AP Photo/David Zalubowski

Question: In a true crisis, what do we want our EMS services to do?

Answer: Respond as best they can and get the patient to the most appropriate place of care.

In an unprecedented crisis – like the current COVID-19 pandemic – EMS cannot afford to be hamstrung by regulations that govern “peacetime” operations, such as the makeup of the crew, having a driving certificate that qualifies you to negotiate road cones or the artificial boundary line that defines one service jurisdiction over another.

This “Let’s get the job done” approach was adopted by the Minnesota EMS Regulatory Board (EMSRB). On March 13 the board released a memo based on Statute 144E.266 suspending Emergency Ambulance Services for a minimum of five days but with a possible extension of up to 30 days that could be authorized by the State’s Executive Council.

Keep EMS staffed and operating

The order states that “during this declared emergency, normal operations should be maintained when possible.” However, operations may be modified, as outlined below, when necessary.”

Breaking the statute down, it simply entrusts an EMS agency to do whatever is necessary to provide service during a national emergency.

Services are authorized to provide the highest available trained staff even if this means a responding crew member has no certification (but is acting under the supervision of another). Related to this, the minimum requirements for interhospital transfer are also lifted. This could mean that an ambulance crew comprises a certified attendant and a basic driver. In terms of the driver, the additional removal of the EVOC qualification means that a “civilian” driver can also operate the vehicle if necessary. The ambulance could also conceivably be staffed by a single person if it keeps the service available.

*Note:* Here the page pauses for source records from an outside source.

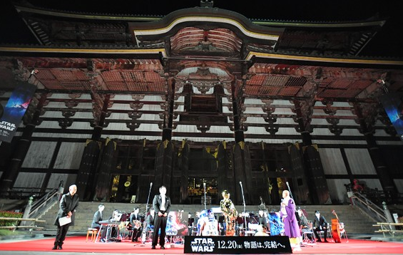 據悉,東大寺曾在752年,舉行大佛開眼供養會時,由印度僧人擔任導師,表演了盛大的樂舞。此次電影《星球大戰》音樂會便是效仿這一故事,舉行的祈愿電影大賣的音樂會活動。
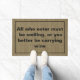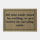 Graphic door mat done in a grass mat look, with a black line border, around the edge. Bold black text reading All who enter must be smiling, or you better be carrying wine is fully custom and can be personalised to read what you want.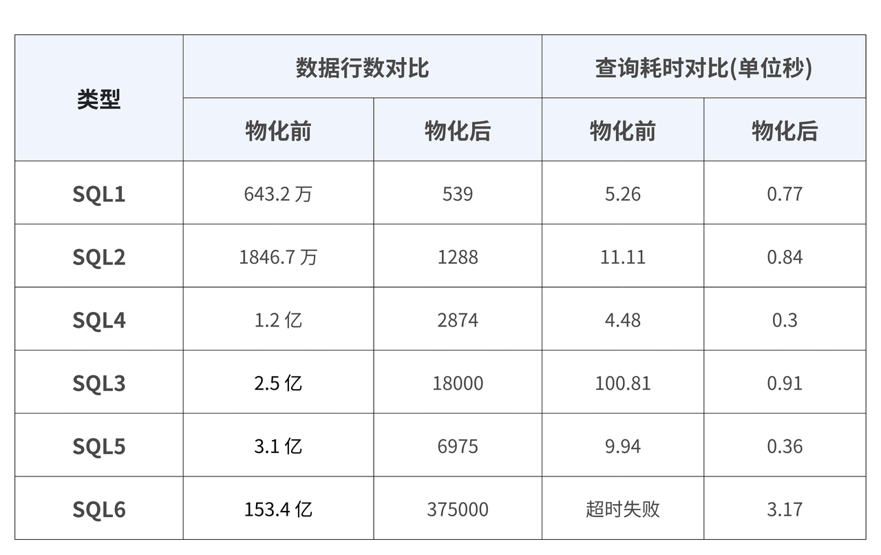 上图直观展示“数据行数”和“查询耗时”这两个维度在物化前后的对比。百万到百亿级别的数据经过物化处理后,行数压缩至少达 11 倍。在查询耗时方面,针对百亿级别以下的数据,物化后均可实现毫秒级响应,查询性能相比物化前提升至少 6 倍。

Service designation and locality

The statute also allows services that cannot physically provide a 24-hour service to temporarily close, presumably to allow for crew rest and recuperation. Additionally, the designation of the ambulance provider of ALS or BLS is removed and all are simply “ambulances” and can all be sent to any and every call for service. The statute’s removal of Primary Service Areas means that the emergency ambulance response isn’t constrained to its own and original jurisdiction.

Stock and equipment

Ambulance stock and equipment are also covered. The state list of mandated equipment is suspended, as are the regulations governing the maintenance, sanitation, storage and testing of equipment, supplies and drug requirements. Minnesota also allows for the use of expired items, although they defer to the CDC for the definitive list.

Prehospital care data

The requirements for prehospital care data are waived, and I assume this to be CARES and NEMSIS state data requirements, but organizations are (and should) maintain basic data to understand the volumes and conditions to preserve their activity for the future.

What comes next for EMS leaders

In the coming days, weeks and months, EMS leaders will need to make brave command decisions to keep services levels up and serving the population. Minnesota’s actions have been the first, but I suspect not the only, regulatory constraining domino that will fall.

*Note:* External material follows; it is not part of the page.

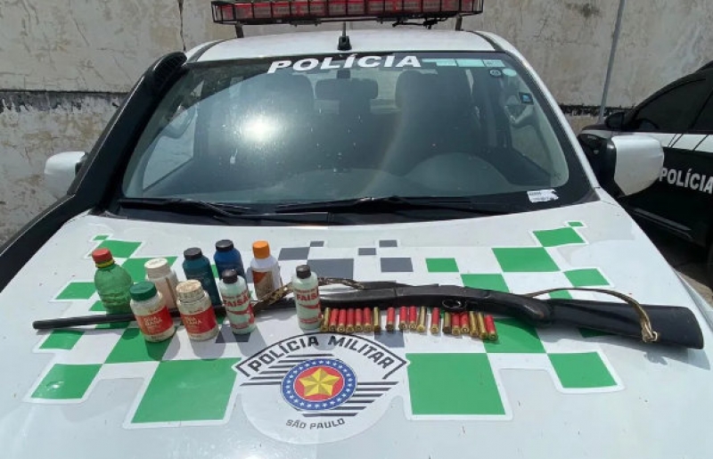 Uma espingarda calibre 32, carregada com um cartucho intacto, e sem registro, foi encontrada debaixo da cama do suspeito. Houve ainda apreensão de 18 cartuchos, dois fracos contendo chumbos, 73 espoletas e um socador de pólvora.

Minnesota’s statute was also released on the same day that the Interstate Commission for EMS Personnel Practice approved the use of the EMS Compact process, effective March 16, in response to personnel needs associated with COVID-19. This decision enables EMS personnel licensed in Compact member states (home states) to cross state borders using a privilege to practice and work in other Compact states (remote state) without getting an EMS license in the remote state. The compact contains 18 member states with two further states awaiting a governor’s signature. It may be that we may have to rapidly revisit this (now that the need has truly arrived) to rapidly induct the remaining half of the country not currently involved.

In analyzing our current situation, I reflect on my time as a military medical commander where we adopted the view that in the event of a high battle casualty day, an ambulance would be whatever I designated it to be. In other words, if the needs of the moment meant employing flatbed trucks with the cooks driving, then so be it – the priority was to evacuate and save a life. I think this is what Minnesota has just empowered its EMS systems to do.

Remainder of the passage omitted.